3 - Volto à possibilidade ou não de se poderem finalizar as competições nacionais. É quase um dado adquirido que não haverá recomeço desta época. Mas, tenho lido que, pelo menos, se coloca a hipótese de a concluir com os estádios vazios. Já nesta coluna falei como isso é a negação do desporto. E não deixa de ser irónico que ‘jogo à porta fechada’, que era até agora considerado uma punição disciplinar, se pudesse transformar para 80 jogos (os que falta fazer na Liga) numa solução. A ironia de um paradoxo…
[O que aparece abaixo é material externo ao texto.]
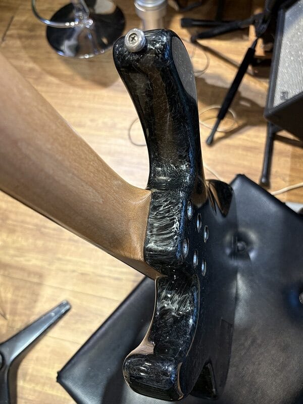 トラスロッドキャップ(ナット)の6角形がなめてしまっていたので、マイナスドライバーで回せるようにロッドキャップを加工しました。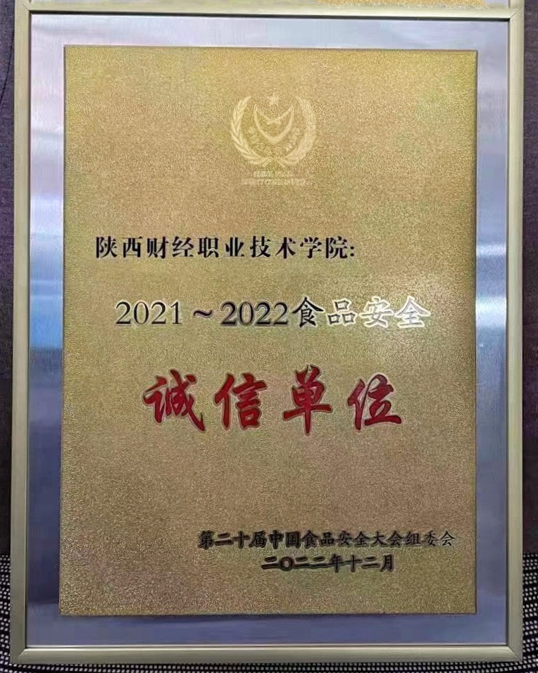 我校荣获“2021-2022食品安全诚信单位”荣誉称号

No imediato prazo, há um ponto que se coloca. É o relativo aos salários de todos os que trabalham nas sociedades desportivas (e não apenas dos jogadores e técnicos). Com duas abordagens evidentemente distintas. Começando pela dos clubes cuja média salarial é baixa (a maioria), e que poderão entrar rapidamente em incumprimento, importa salvaguardar na aprovada legislação sobre lay-off a sua elegibilidade nos termos gerais, ou seja a de uma redução de 1/3 do salário durante a forçada inactividade e de financiamento de 70% dos outros 2/3 pela Segurança Social (até ao limite de 3 vezes o salário mínimo). Quanto aos (poucos) clubes com salários elevados ou muito elevados, agora sem jogos, sem actividade, com quebra de receitas, parece óbvio que se deve  aplicar a mesma legislação (à data em que escrevo, ainda não são conhecidos os decretos), obviamente com um encargo bastante mais elevado das SAD, pois que o limite atrás citado pouco compensa a média salarial dos jogadores. Assim haveria a redução temporária salarial de 1/3, nos meses de obrigatória inactividade. Não vale a pena inventar ou tentar encontrar outros caminhos quando a lei geral aí está. Nunca se poderá justificar que a inactividade implique a redução de 1/3 nos trabalhadores em geral e que, mais uma vez, os futebolistas dela estivessem isentos. Além de que há futebolistas que ganham mais num mês do que muita gente em grande parte da sua carreira.